Marketing in a downturn. There's been no shortage of ink spilled examining "The New Thrift," as Time magazine calls it. But the Economist has a nice essay on how increasingly thrifty consumers have forced marketers to change their tune: "There will need to be a move from passion to compassion in marketing," reckons John Gerzema of Young & Rubicam, a marketing-services firm. For more on recession strategies check out our story here.
Bad news for Bank of America customers. If you're carrying a balance on a credit card issued by Bank of America, prepare to be outraged. The WSJ reports that, starting in June, BOA will begin raising rates for millions of customers that carry a balance on their cards. One BOA customer had her rates nearly doubled to 13 percent. In the coming months, you can certainly expect more of this from card providers -- new legislation that restricts credit card companies from some rate increases doesn't kick in until July 2010.
A few suggestions for Karen Mills. Anita Campbell at Small Business Trends has some recommendations for new SBA head Karen Mills. Rather than focus on SBA loans, which the vast majority of small businesses don't use, Campell suggests that Mills should focus on other ways to make the agency helpful. Campbell's tips read like a laundry list of perennial small company complaints. She suggests simplifying regulations and bureaucracy, reducing the small business tax burden, boosting government contracts, and making health care more affordable.
Could VCs topple the financial system? That's the ludicrous worry coming out of the Obama administration. James Freeman, in this WSJ editorial, laughs off concerns that VC funds could pose systemic risks to the economy. And Freeman wonders why Treasury Secretary Tim Geithner suggested to Congress that large VC funds should be registered with the SEC. (The SEC, after all, did little to protect investors from our current crisis.) Freeman, arguing that limiting VCs would hinder innovation, makes some excellent points: "The entire venture capital industry is smaller than the Madoff fraud. VCs invest a total of $30 billion each year, far less than one-tenth of 1% of U.S. financial transactions. Venture investors -- affluent individuals and institutions -- are putting up equity and know that they can lose it all."

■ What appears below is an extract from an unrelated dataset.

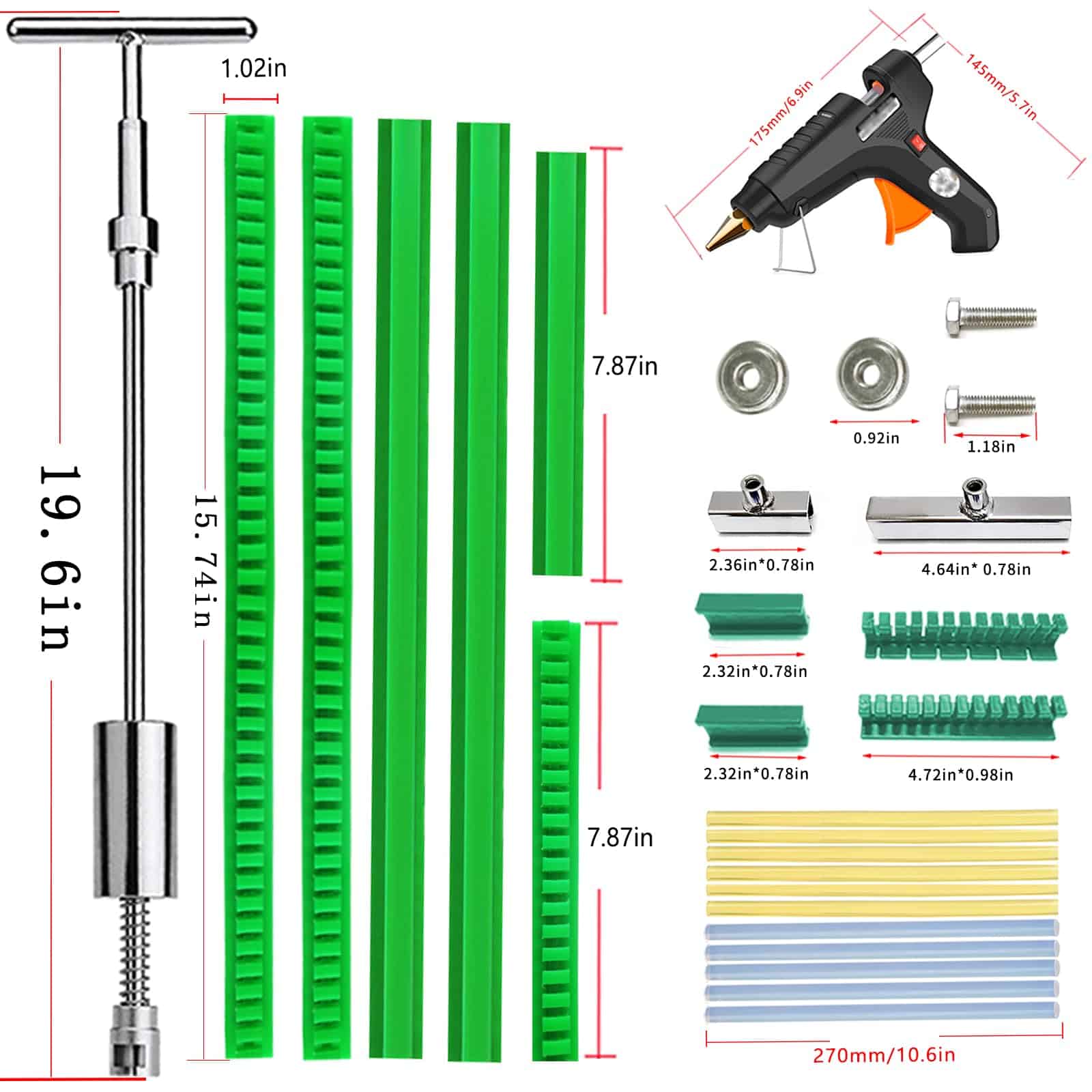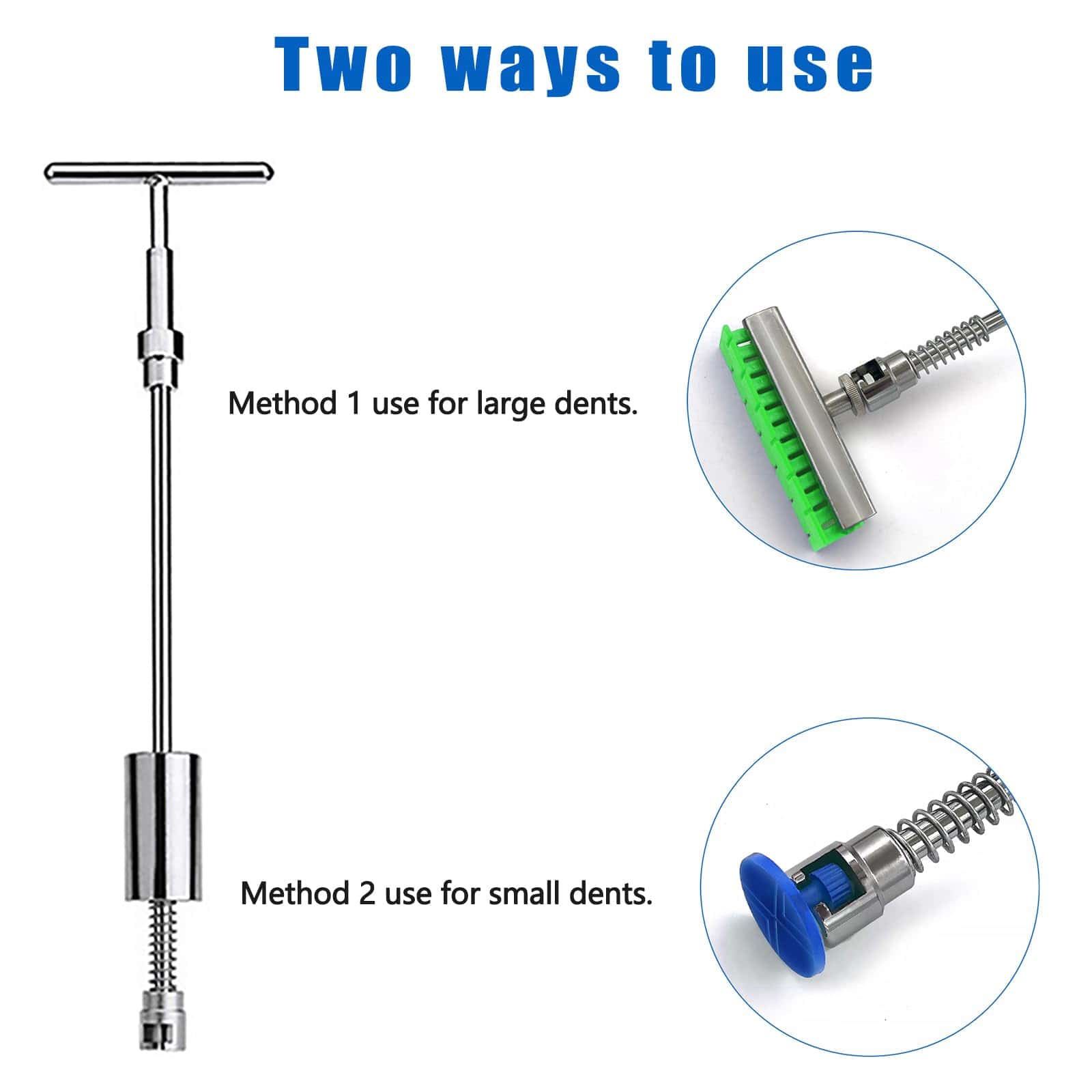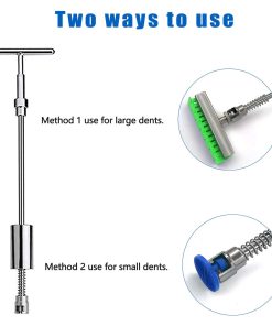 ¿Buscas una solución económica y efectiva para reparar las abolladuras del carro sin la molestia de visitar un taller de carrocería? ¡Nuestro Kit de Reparación de Abolladuras sin Pintura es tu opción ideal! Diseñado para principiantes y profesionales, este kit integral presenta un Martillo T-Bar para Extracción de Abolladuras y accesorios esenciales, facilitando la restauración de la superficie de tu carro suave y sin abolladuras.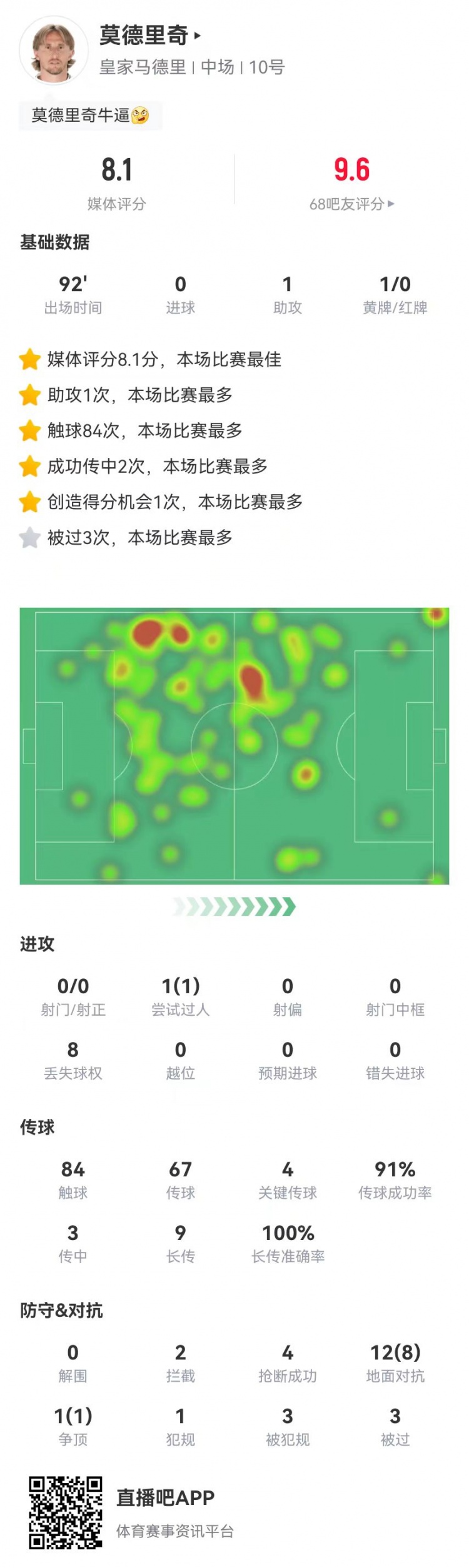 2025-03-10 06:01:13莫德里奇本場1助攻4關鍵傳球 10長傳9成功 13對抗9成功 8.1分最高

Welcome to the golden era of networking. With the job market increasingly shaky, the New York Times says 2009 could be the golden era of networking. Since last fall, Vincent Lauria, the 29-year-old organizer of the Silicon Valley NewTech Meetup Group says he's seen the club's ranks swell 75 percent to 3,500, and attendance at his monthly event has tripled. LinkedIn, for its part, has seen membership increase 48 percent, and recommendations for friends or colleagues are up 65 percent from December. Google and Boeing have even hired consultants to instruct employees how to network within their own companies.
Big energy bills? Could be the state you live in. According to the Small Business and Entrepreneurship Council's Energy Cost Index 2009, your energy costs are essentially a function of the state in which you live. The Wall Street Journal reports that prices are based on factors including your state's economic growth, investment in exploration, and government regulations and taxes. Rhode Island, Alaska, and Connecticut round out the list as the priciest states. For more information on how to cut energy costs, read on at Inc.com here.
Toxic assets may soon be available to all Americans. Would you buy Bailout Bonds? The New York Times reports this morning that Washington is encouraging major investment firms to create bailout funds, which would allow individual investors to participate in, and possibly profit from, attempts to get banks' troubled assets off the books. The logic seems more than a bit specious. For one, if the nation's largest banks don't want these assets, why would regular Americans?